(Excerpted data)

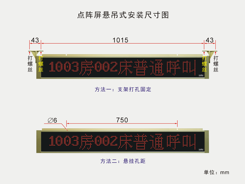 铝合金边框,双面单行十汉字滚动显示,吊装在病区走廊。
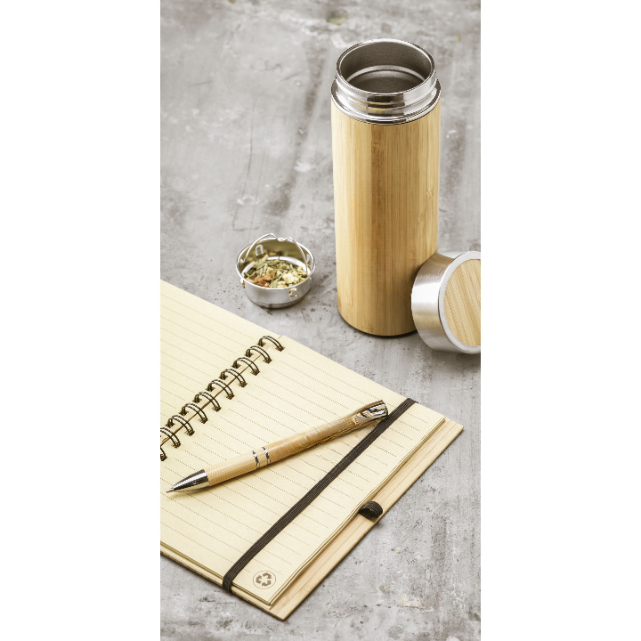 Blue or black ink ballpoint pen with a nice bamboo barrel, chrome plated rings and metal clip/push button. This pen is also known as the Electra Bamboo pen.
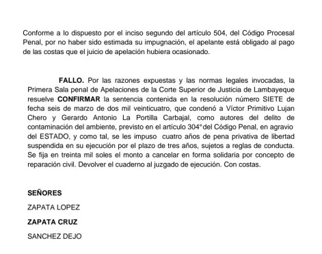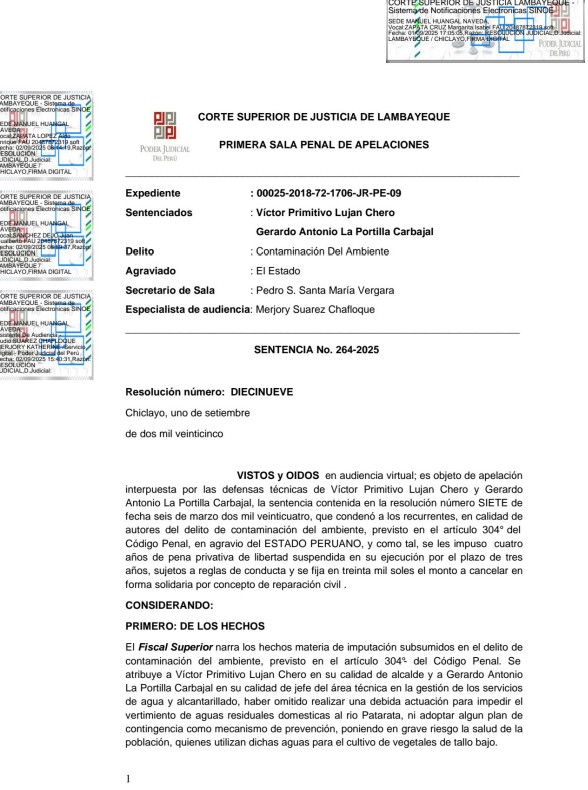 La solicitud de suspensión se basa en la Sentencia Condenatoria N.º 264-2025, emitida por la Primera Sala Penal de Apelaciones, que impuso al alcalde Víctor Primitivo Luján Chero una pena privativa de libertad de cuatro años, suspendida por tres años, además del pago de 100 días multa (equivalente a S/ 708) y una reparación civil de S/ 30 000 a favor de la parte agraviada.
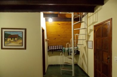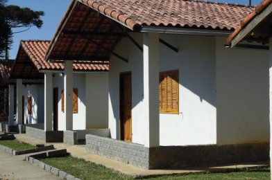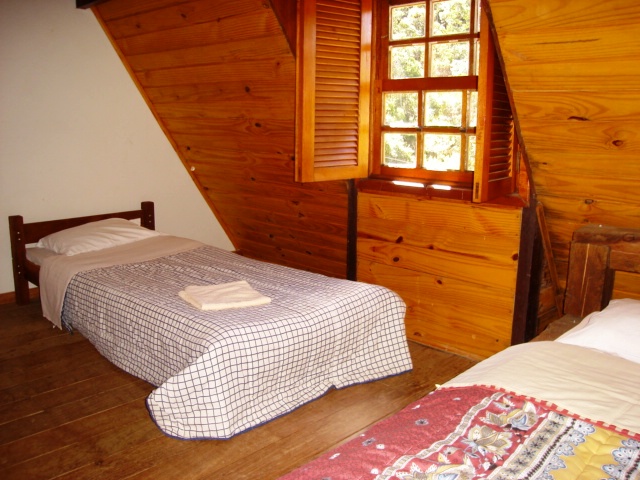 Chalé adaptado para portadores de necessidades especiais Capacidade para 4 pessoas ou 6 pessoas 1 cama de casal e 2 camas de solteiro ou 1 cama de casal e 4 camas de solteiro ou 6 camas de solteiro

(End Excerpted data)
(Excerpted data)

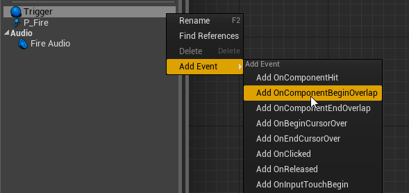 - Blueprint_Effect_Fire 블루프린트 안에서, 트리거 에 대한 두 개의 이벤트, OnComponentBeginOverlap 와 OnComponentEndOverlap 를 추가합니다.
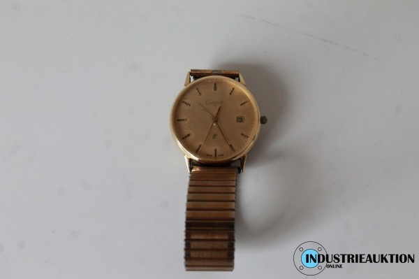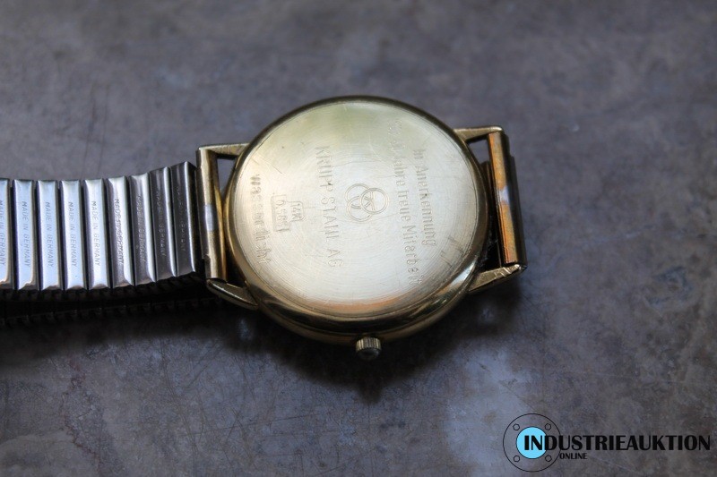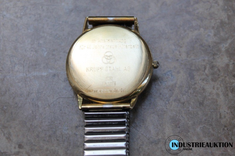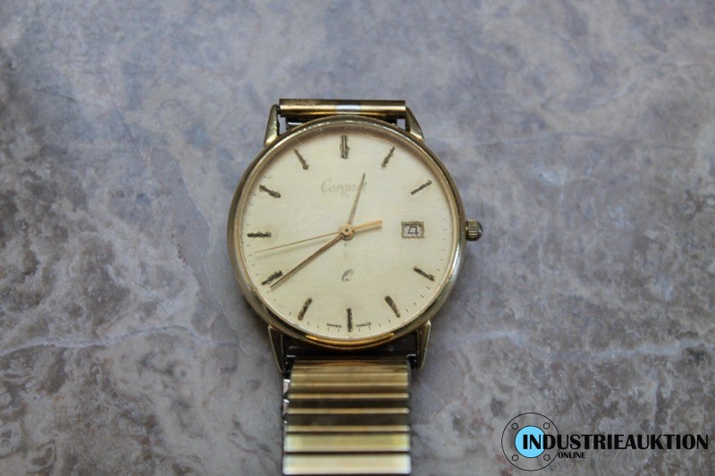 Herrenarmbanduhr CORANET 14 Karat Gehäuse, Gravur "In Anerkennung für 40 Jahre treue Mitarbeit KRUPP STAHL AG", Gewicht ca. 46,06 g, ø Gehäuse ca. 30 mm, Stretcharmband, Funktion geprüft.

(End Excerpted data)

▸ Problem description:
Of the lines above, quote exactly those from the one with "- Blueprint_Effect_Fire 블루프린트" through the one with "Herrenarmbanduhr CORANET 14", ends included; pictures stay out.

▸ Response to this exercise:
 - Blueprint_Effect_Fire 블루프린트 안에서, 트리거 에 대한 두 개의 이벤트, OnComponentBeginOverlap 와 OnComponentEndOverlap 를 추가합니다.
 Herrenarmbanduhr CORANET 14 Karat Gehäuse, Gravur "In Anerkennung für 40 Jahre treue Mitarbeit KRUPP STAHL AG", Gewicht ca. 46,06 g, ø Gehäuse ca. 30 mm, Stretcharmband, Funktion geprüft.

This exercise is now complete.